Keep pace with a standardised development process

National Instruments Pty Ltd

By Nicholas Butler, Head of Aerospace and Defense Marketing
Thursday, 11 July, 2019


Keep pace with a standardised development process

Standardisation has been an aspirational objective in test organisations for decades.

In 1961, DB Dobson and LL Wolff of Radio Corporation of America (RCA) published ‘Standardization of Electronic Test Equipment’. The paper presents the principles, criteria and techniques used in the investigation and prototyping of multipurpose missile system test equipment.

The goal of most early technology standardisation efforts was to limit the variety of test equipment used in test solutions across the organisation. The key objective RCA achieved was the design and deployment of a modular hardware set. Modular hardware leads to higher equipment re-use, more integrated test solutions, fewer obsolete components and an easier process for technology replacement. With a large mix of products and assets that can stay in service up to 50 years, test groups in the aerospace and defence industry stand to benefit most from test systems that are more maintainable and re-usable.

Security requirements and fast-paced changes are compelling modern test organisations to go far beyond just hardware standardisation. They’re now focusing on both software layers and the practices used to develop them. Test engineering teams must begin the process of adopting and standardising on iterative software development to keep pace with product development teams and maintain project schedules in an industry that is quickly modernising.

Software as the backbone of standardisation

The RCA paper describes the process of identifying shared inputs and outputs across multiple functional components and missile programs to define the requirements of its modular hardware system. That process of identifying and separating common elements that can be addressed together is the basis of abstraction. Larger instrumentation standardisation efforts and a move towards commercial off-the-shelf technology have led to modular hardware standards like VXI, PXI, PXIe and AXIe that are used in test organisations across many industries.
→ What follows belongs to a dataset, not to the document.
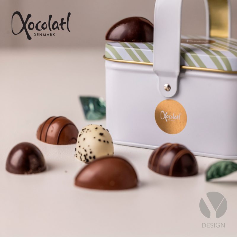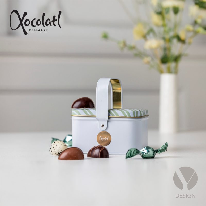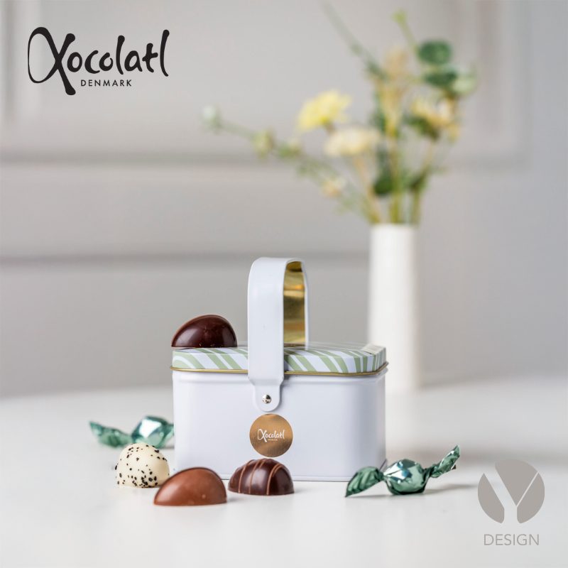 Sød metalkurv med 10 marcipanæg med flere forskellige smagsvarianter som f.eks. ren klassisk marcipan, kokos, citron, solbær og lakrids. Derudover twistpakkede chokoladelakridser.

Standard modular hardware platforms abstract redundant elements like power supplies, cooling and user interfaces to single points within the system.

In the report ‘Design and Acquisition of Software for Defense Systems’, the Defense Science Board (DSB) states “many of the capabilities provided by our weapons systems are derived from the software of the system, not the hardware. This shift from hardware-enabled capabilities to software-enabled capabilities is increasing quickly.” Modern instrumentation increasingly includes processors and software-defined components like FPGAs. To get the most out of these modern test solutions, defining measurement systems in software is not only beneficial but necessary.

The best test software engineering teams are building abstracted test software that delivers even more benefits than abstracted hardware provides. An abstracted software platform comprises layers that perform specific functions. This allows teams to repair and upgrade each module individually while isolating other layers by maintaining the same inputs and outputs. “With dozens of legacy business lines, software standardisation has to address the history of each group,” said Mark Keith, Chief Engineer at Honeywell Aerospace. “The purpose [of abstraction] is to minimise or eliminate the need for software modifications when that obsolete hardware is replaced.

“With the rate of change in technology today, 30 years can feel like an eternity. Sometimes the best-in-class approaches of today just aren’t compatible with the best-in-class approaches of the past.”

Modern software development for test

At the pace new products and features are released in today’s market, just organising a test software architecture properly is no longer enough. The test software organisation must implement practices that drive faster and more flexible delivery to manufacturing and the customer. To deliver all the demanded features, modern software engineering teams are moving to continuous iterative software development practices like Agile.

As stated in the DSB report, “The main benefit of iterative development is the ability to catch errors quickly and continuously, integrate new code with ease and obtain user feedback throughout the development of the application.” Iterative software development is now an industry-standard practice, and it “will help the [Department of Defense (DoD)] operate in today’s dynamic security environment, where threats are changing faster than Waterfall development can handle”.

Standardising on iterative development

Iterative software development requires a well-orchestrated team that works cooperatively and, much like the abstraction of hardware platforms and software architectures, includes shared and repeated concepts and tasks.

Teams that collaborate on code bases must agree and standardise on tools for source code control, unit test frameworks, code analysis, work management and deployment. A growing additional concern is cybersecurity. The DSB states, “Checking a software system’s code base daily keeps manageable the number of changes required to comply with a large base of cyber rules.”

In the report ‘Contracting Strategy for F-22 Modernization’, the Inspector General of the DoD states, “According to a Program Office official, the DoD is at risk of losing its technological edge against US adversaries and it needs to find innovative ways to bring capabilities to the warfighters faster.” Aerospace and defence is not the only industry in which test teams are struggling to deliver better technology to market faster. Iterative development is a proven method for accelerating technology development across multiple industries.

While test engineering teams have been focusing on hardware standardisation and tiered software architectures, R&D organisations have moved towards iterative product development. All aspects of standardisation are important and valuable to test organisations, but standardisation must be refined to work with the engineering practices under development today. Test organisations that adopt Agile software development practices are poised to capitalise on this approaching opportunity.